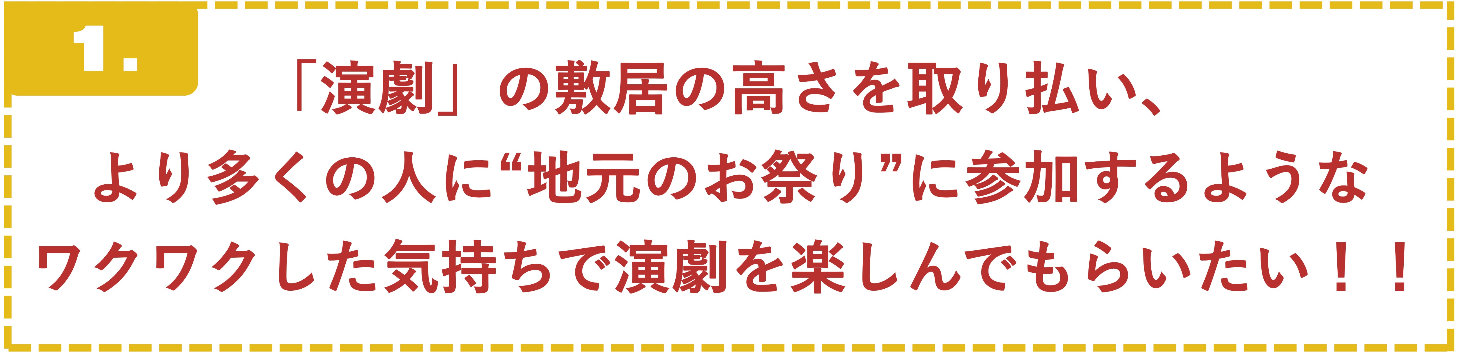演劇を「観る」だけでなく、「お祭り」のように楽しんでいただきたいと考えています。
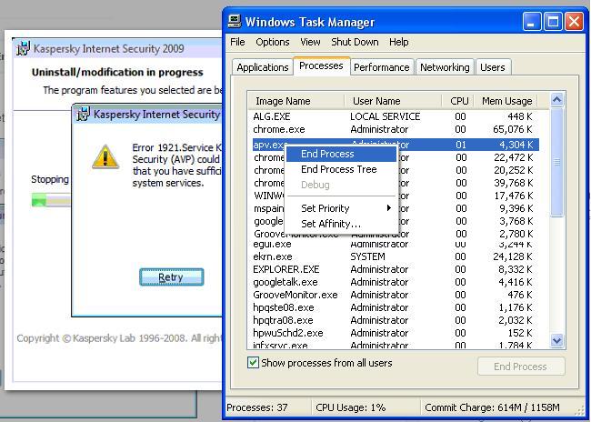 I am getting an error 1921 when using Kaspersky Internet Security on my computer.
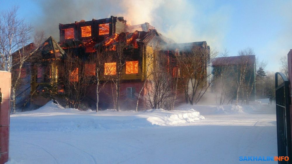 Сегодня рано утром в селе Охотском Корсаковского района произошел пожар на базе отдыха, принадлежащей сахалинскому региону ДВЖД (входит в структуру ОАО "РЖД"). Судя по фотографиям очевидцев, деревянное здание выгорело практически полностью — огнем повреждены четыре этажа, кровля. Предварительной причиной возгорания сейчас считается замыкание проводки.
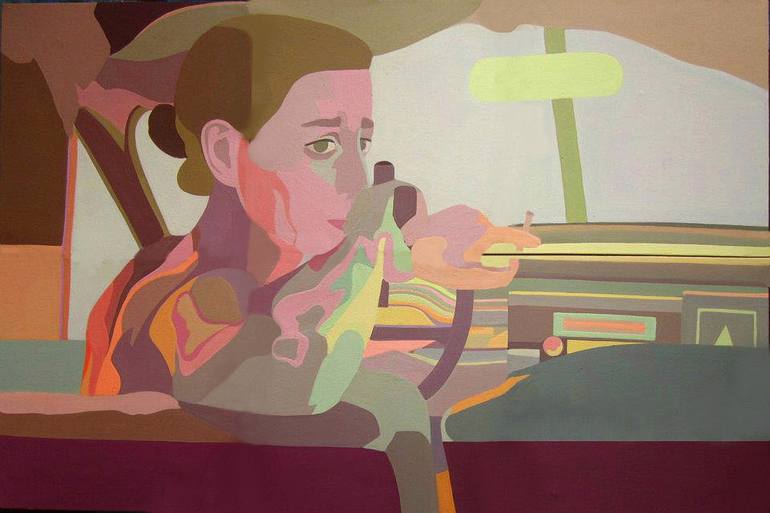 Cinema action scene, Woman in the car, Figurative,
::::::
_TASK PROMPT_.
Output the span from the line with "Сегодня рано утром" through the last line of the data, inclusive and exact, and omit every picture.

_SOLUTION_.
 Сегодня рано утром в селе Охотском Корсаковского района произошел пожар на базе отдыха, принадлежащей сахалинскому региону ДВЖД (входит в структуру ОАО "РЖД"). Судя по фотографиям очевидцев, деревянное здание выгорело практически полностью — огнем повреждены четыре этажа, кровля. Предварительной причиной возгорания сейчас считается замыкание проводки.
 Cinema action scene, Woman in the car, Figurative,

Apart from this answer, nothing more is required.